Debug functions for PHP arrays to calculate things like hash distribution and other internal information
Arrays in PHP (when they are not using linear keys) are stored as a hashmap. The hash used is either a user-provided integer (unmodified) or a rolling string hash when string keys are used. Depending on the number of keys, the table size used for the hash table varies.
The table is indexed by taking a certain number of the least significant bits of the key hash (or the naked key value, in the case of integers). This means that if your keys have poor distribution in the least significant bits, many hash collisions will occur.
Hash collisions in PHP arrays can be a major performance bottleneck which isn't obvious to the eye.

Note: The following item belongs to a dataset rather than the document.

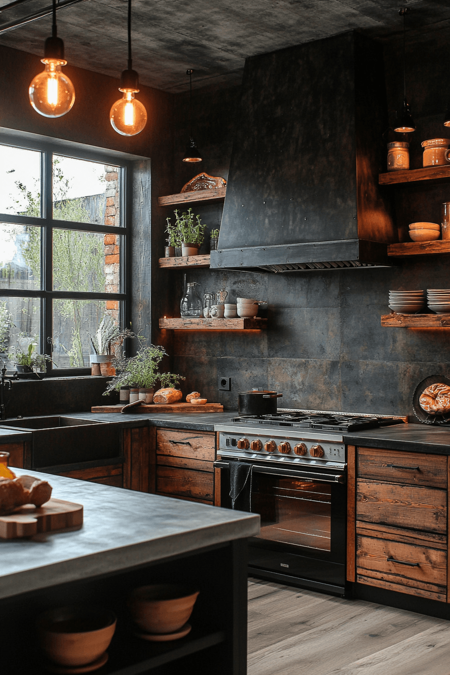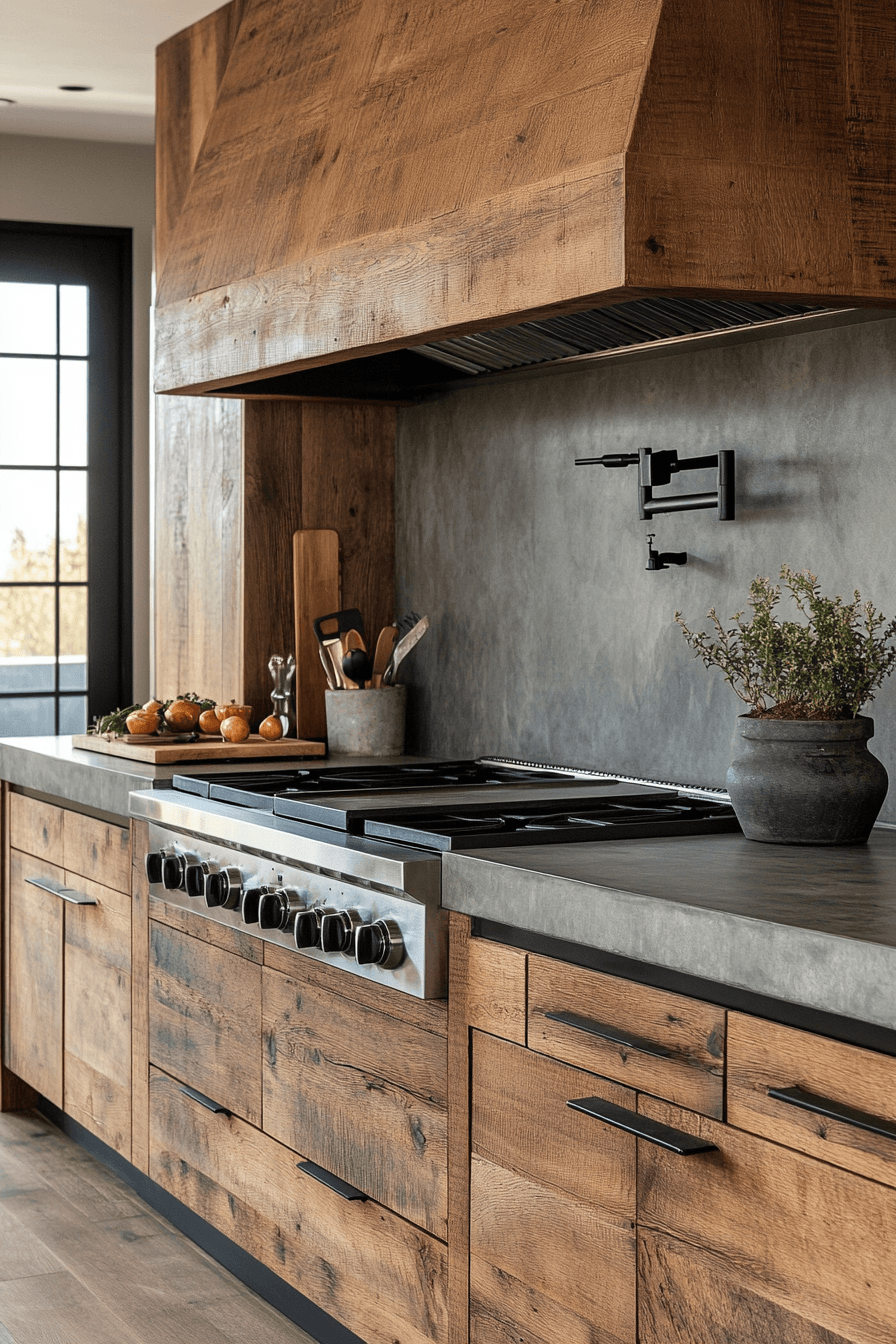 Combining wood with industrial elements enhances rustic kitchen cabinets. Metal and concrete add contrast and structure. The warmth of wood softens the harder materials. This creates a balanced and stylish design. These rustic kitchen cabinets anchor the space beautifully. Explore more rustic-industrial kitchen ideas.

When two different keys produce the same hash, they are stored in a linked-list under that hash. When the hash is looked up, PHP then has to traverse every element of this linked-list one by one to find the actual matching key. When the array has a high number of hash collisions, these linked lists can get very long, resulting in a long brute-force search every time an array key is accessed.
The average length of these lists is known as the load factor, and gives us an idea of just how much the performance will suffer because of this. Ideally we want our load factor to be as close to 1 as possible, to avoid the bruteforce searches we just mentioned.
For example, the following code:
$array = [];
for($i = 0; $i < 10000; $i++){
$array[$i << 1] = $i;
}
produces an array with a load factor of 1, while this code:
$array = [];
for($i = 0; $i < 10000; $i++){
$array[$i << 10] = $i;
}
has a load factor of 312.5!
This means that, despite having the same number of keys, accesses to the second array will be significantly slower than the first.